== RECORDS TO USE ==

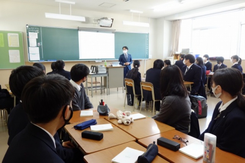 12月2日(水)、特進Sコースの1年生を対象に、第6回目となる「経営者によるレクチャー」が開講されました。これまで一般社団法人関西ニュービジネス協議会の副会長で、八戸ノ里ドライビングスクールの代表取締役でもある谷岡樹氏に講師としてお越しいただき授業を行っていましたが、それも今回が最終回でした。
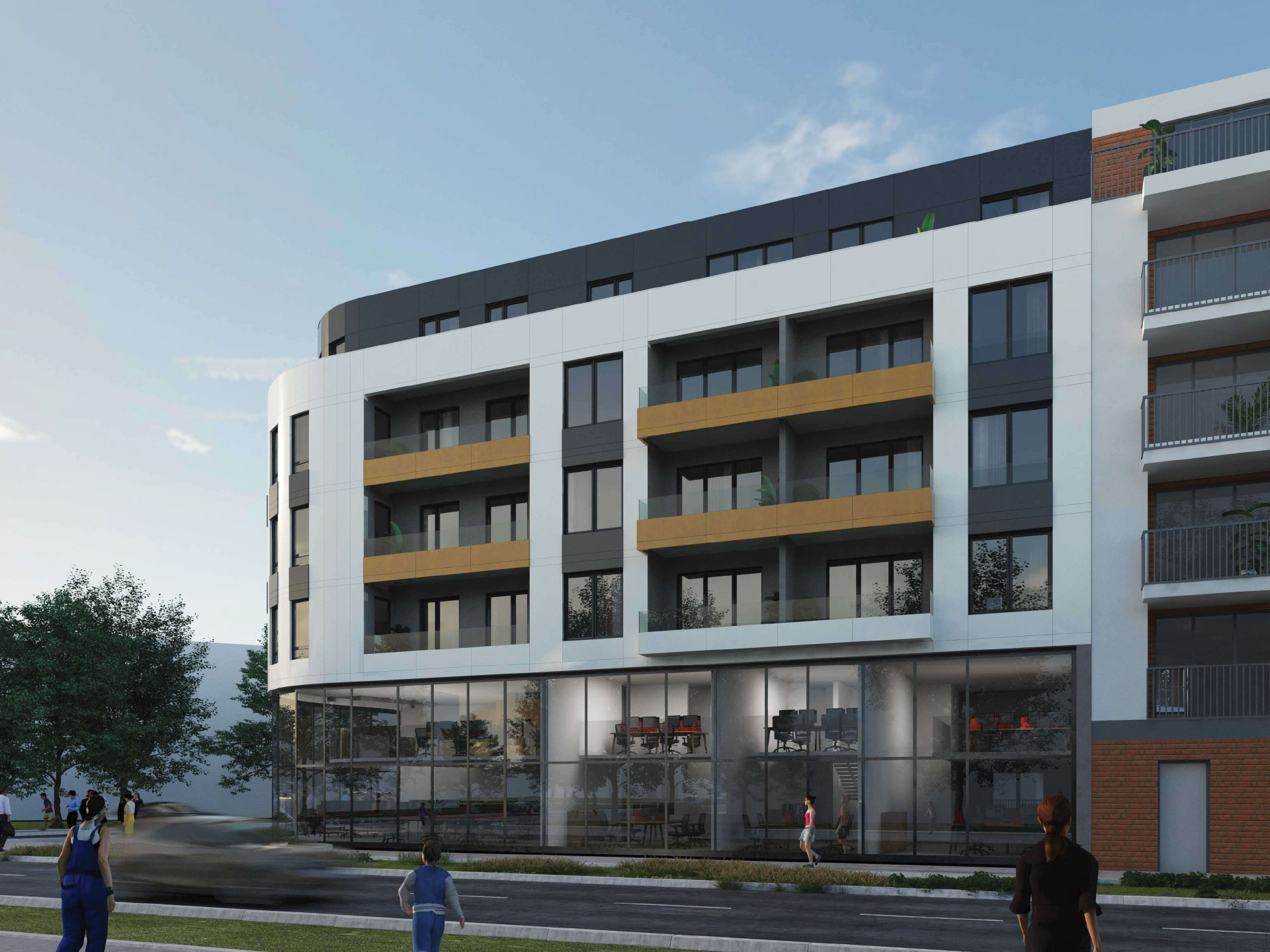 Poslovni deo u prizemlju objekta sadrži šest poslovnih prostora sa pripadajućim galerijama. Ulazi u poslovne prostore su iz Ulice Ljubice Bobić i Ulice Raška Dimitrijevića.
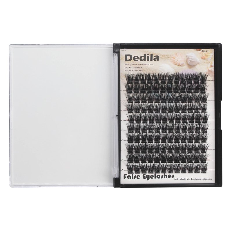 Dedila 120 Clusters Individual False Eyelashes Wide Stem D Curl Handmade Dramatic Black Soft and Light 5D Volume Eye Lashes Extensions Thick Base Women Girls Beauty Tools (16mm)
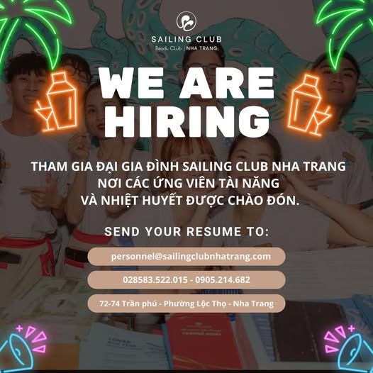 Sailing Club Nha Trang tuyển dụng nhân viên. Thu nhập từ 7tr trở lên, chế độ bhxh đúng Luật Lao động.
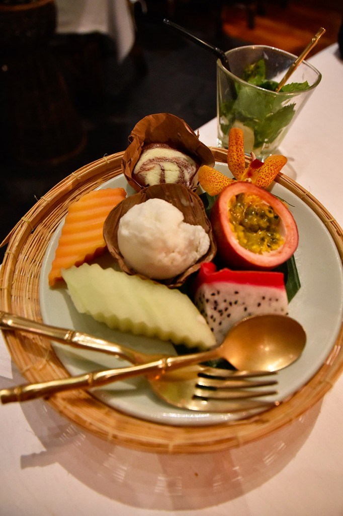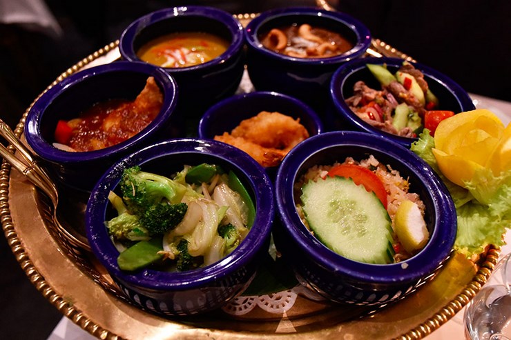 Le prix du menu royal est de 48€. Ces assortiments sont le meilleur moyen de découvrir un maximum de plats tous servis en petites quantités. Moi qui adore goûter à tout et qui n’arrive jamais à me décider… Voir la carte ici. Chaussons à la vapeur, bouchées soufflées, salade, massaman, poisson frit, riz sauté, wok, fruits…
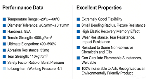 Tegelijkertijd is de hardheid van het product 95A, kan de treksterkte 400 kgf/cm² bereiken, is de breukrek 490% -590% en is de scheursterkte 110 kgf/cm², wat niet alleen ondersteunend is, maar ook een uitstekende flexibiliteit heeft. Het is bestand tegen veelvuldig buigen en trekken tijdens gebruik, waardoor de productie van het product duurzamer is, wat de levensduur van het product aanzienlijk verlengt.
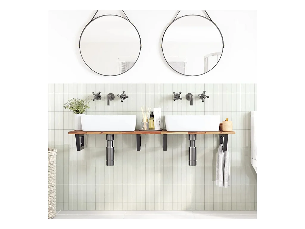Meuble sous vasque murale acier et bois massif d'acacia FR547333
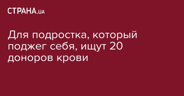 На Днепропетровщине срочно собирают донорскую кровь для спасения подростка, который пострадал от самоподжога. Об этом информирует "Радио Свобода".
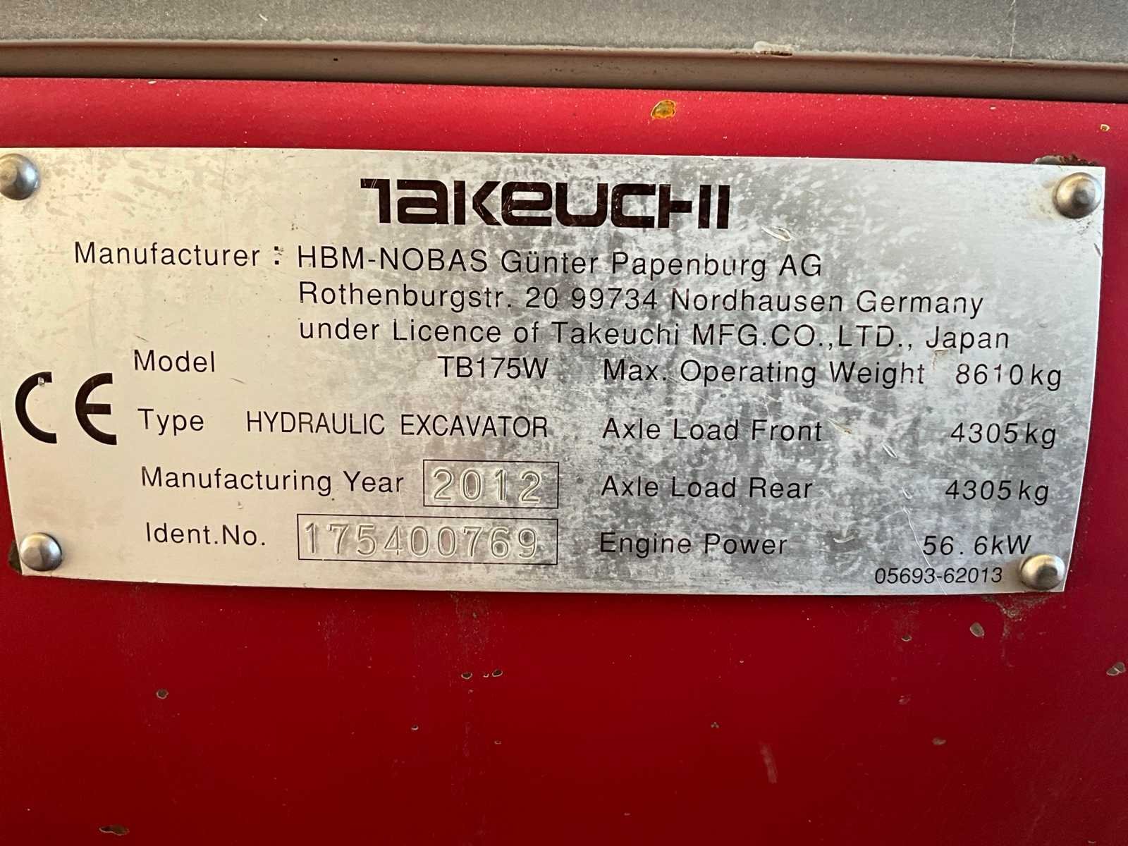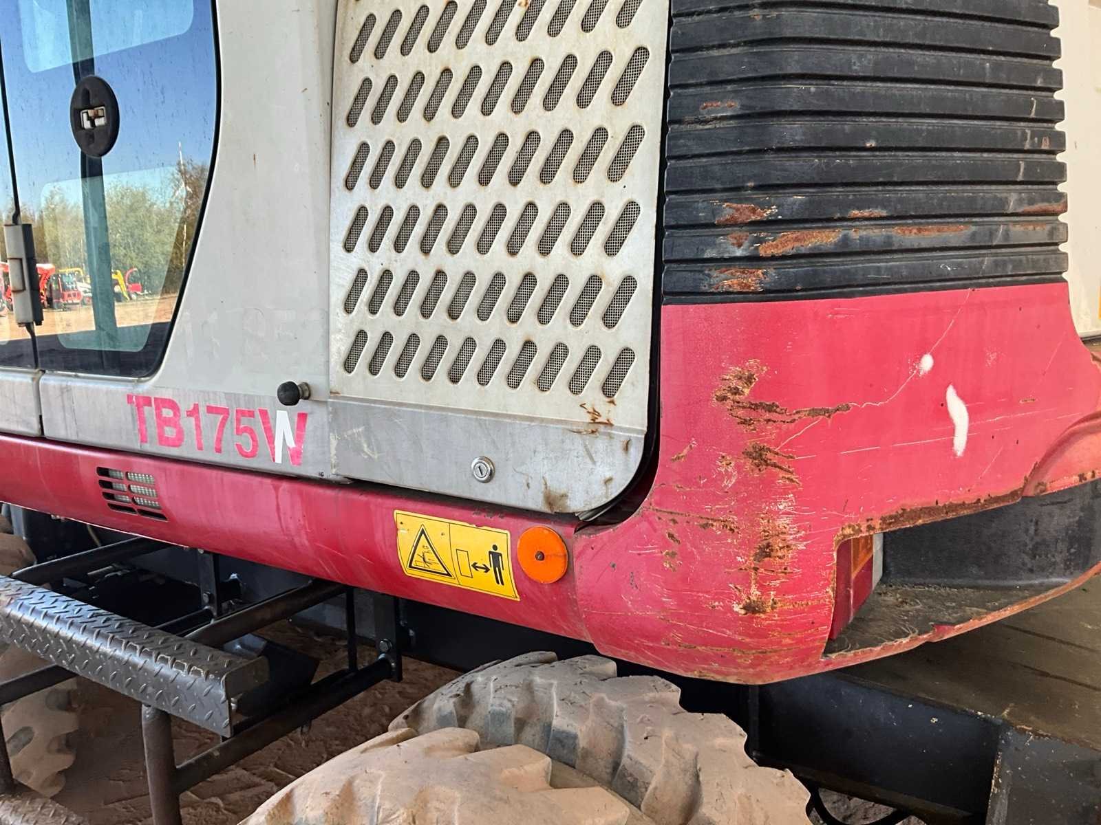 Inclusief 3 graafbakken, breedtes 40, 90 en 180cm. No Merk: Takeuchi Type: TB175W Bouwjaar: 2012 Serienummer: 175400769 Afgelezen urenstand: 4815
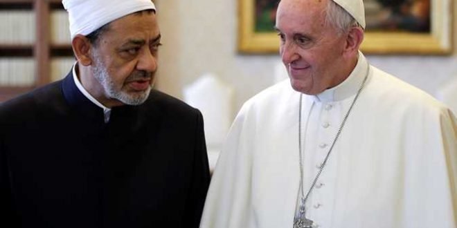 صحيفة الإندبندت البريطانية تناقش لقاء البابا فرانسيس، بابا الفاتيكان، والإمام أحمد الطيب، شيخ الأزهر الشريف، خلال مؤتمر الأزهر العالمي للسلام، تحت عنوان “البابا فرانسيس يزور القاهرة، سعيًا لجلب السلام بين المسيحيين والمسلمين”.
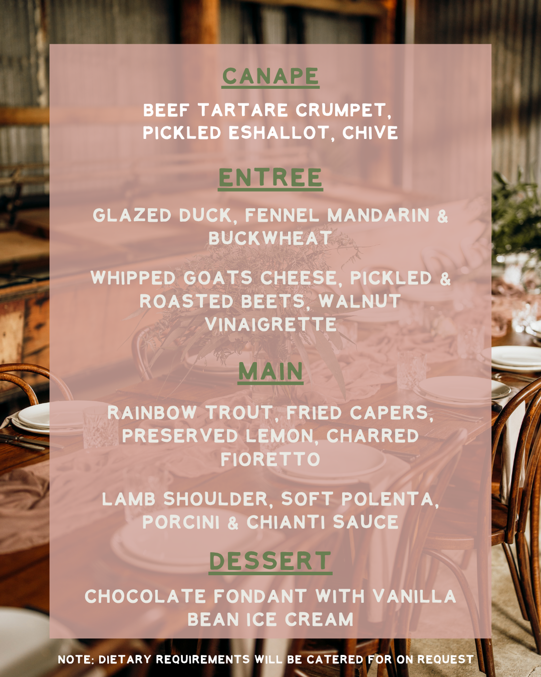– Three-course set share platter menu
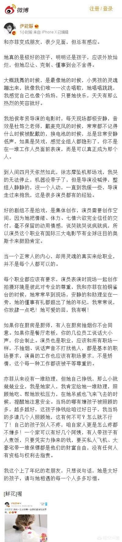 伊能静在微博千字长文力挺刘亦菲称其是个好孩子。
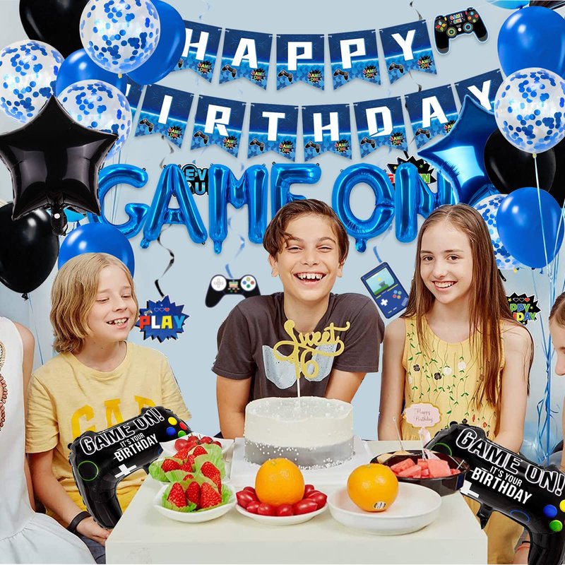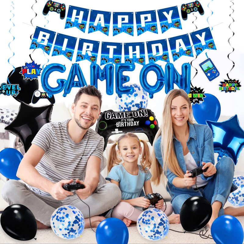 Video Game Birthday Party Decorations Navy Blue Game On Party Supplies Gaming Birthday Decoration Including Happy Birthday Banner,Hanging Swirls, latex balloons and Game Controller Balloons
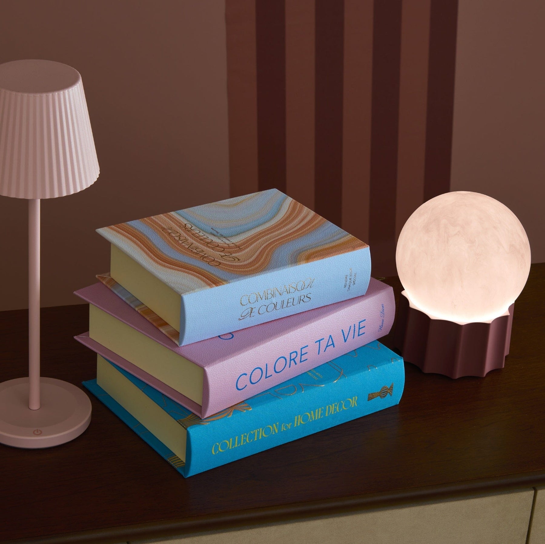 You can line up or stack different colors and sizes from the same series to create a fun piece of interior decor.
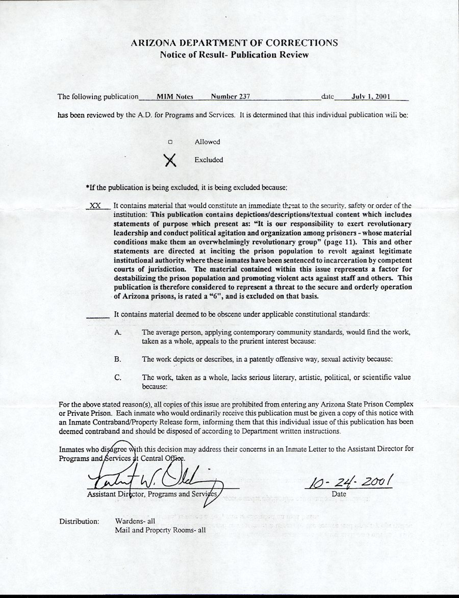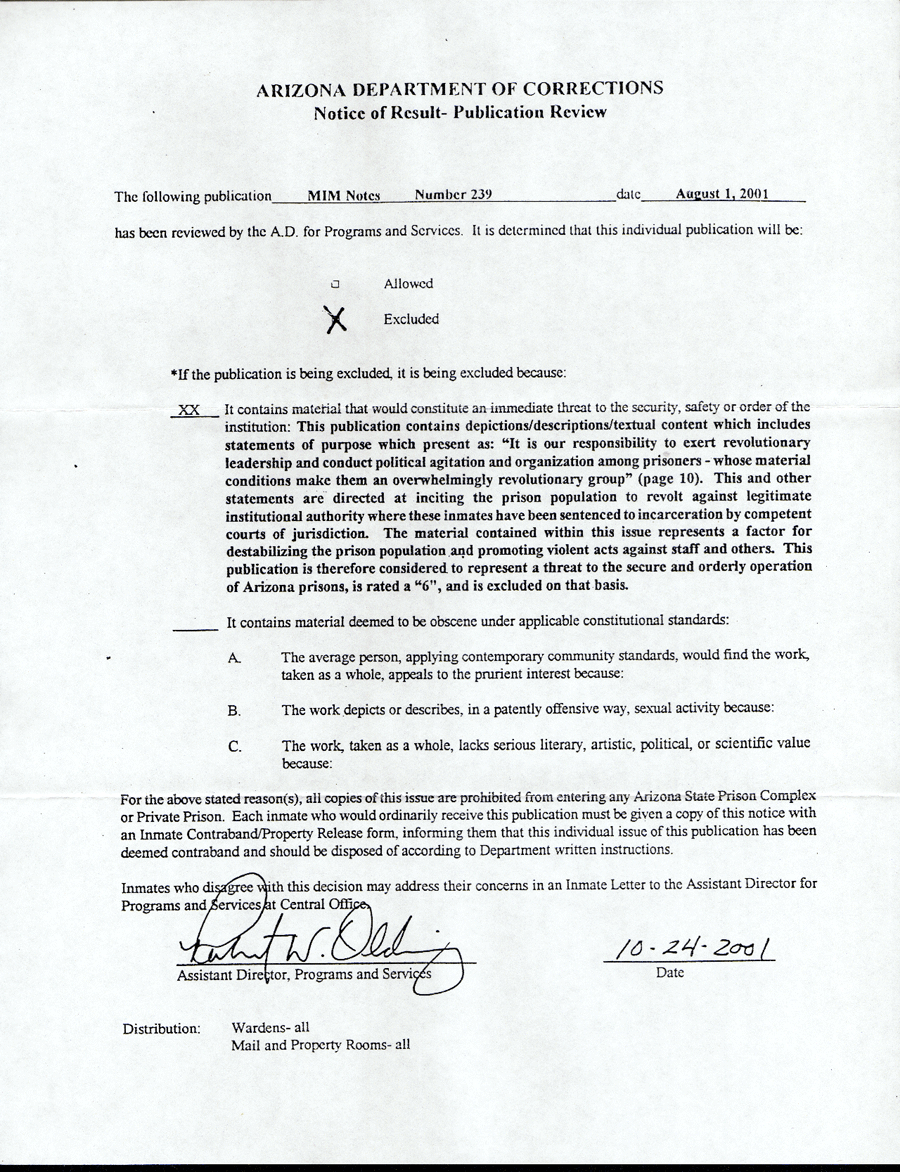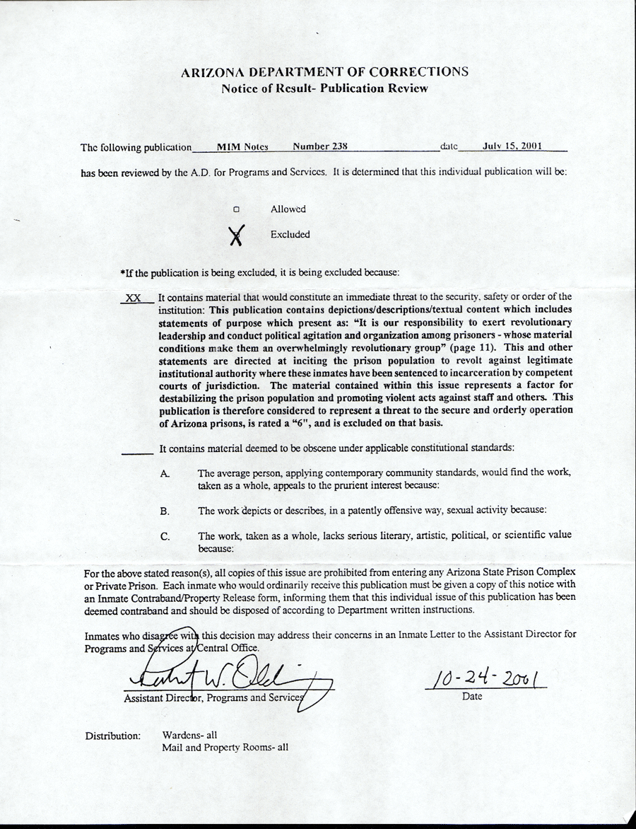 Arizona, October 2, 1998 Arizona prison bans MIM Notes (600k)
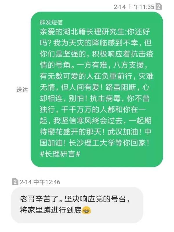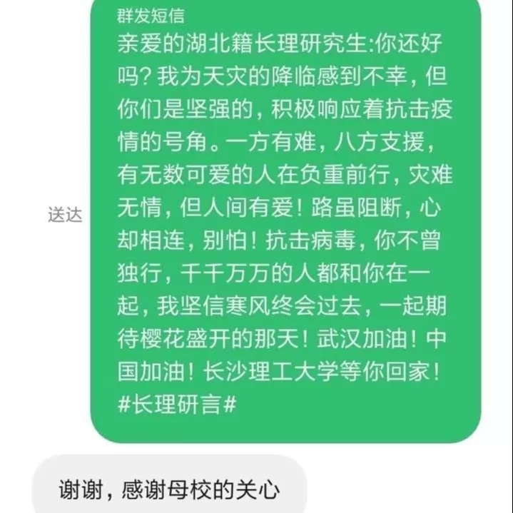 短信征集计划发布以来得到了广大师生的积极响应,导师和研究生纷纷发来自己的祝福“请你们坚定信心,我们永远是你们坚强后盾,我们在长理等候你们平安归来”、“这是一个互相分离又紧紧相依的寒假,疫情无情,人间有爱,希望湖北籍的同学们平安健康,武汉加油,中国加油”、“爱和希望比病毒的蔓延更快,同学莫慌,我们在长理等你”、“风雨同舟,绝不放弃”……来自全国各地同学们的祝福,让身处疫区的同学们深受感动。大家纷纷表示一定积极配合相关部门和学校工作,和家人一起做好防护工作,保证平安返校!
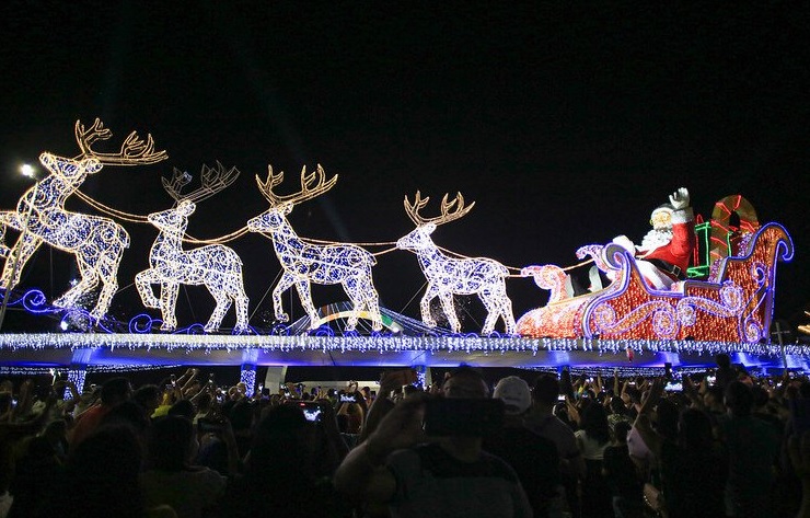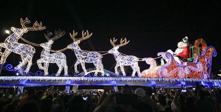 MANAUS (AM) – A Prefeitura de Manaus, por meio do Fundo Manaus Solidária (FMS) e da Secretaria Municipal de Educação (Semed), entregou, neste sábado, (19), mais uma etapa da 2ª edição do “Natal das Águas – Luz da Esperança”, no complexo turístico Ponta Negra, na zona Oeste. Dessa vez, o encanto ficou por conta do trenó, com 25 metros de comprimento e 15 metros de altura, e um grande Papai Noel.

===

All that should appear in the answer is the lines above from the line with "На Днепропетровщине срочно" through the line with "伊能静在微博千字长文力挺刘亦菲称其是个好孩子。", retyped exactly, pictures left out.

EXPECTED ANSWER ▸
 На Днепропетровщине срочно собирают донорскую кровь для спасения подростка, который пострадал от самоподжога. Об этом информирует "Радио Свобода".
 Inclusief 3 graafbakken, breedtes 40, 90 en 180cm. No Merk: Takeuchi Type: TB175W Bouwjaar: 2012 Serienummer: 175400769 Afgelezen urenstand: 4815
 صحيفة الإندبندت البريطانية تناقش لقاء البابا فرانسيس، بابا الفاتيكان، والإمام أحمد الطيب، شيخ الأزهر الشريف، خلال مؤتمر الأزهر العالمي للسلام، تحت عنوان “البابا فرانسيس يزور القاهرة، سعيًا لجلب السلام بين المسيحيين والمسلمين”.
– Three-course set share platter menu
 伊能静在微博千字长文力挺刘亦菲称其是个好孩子。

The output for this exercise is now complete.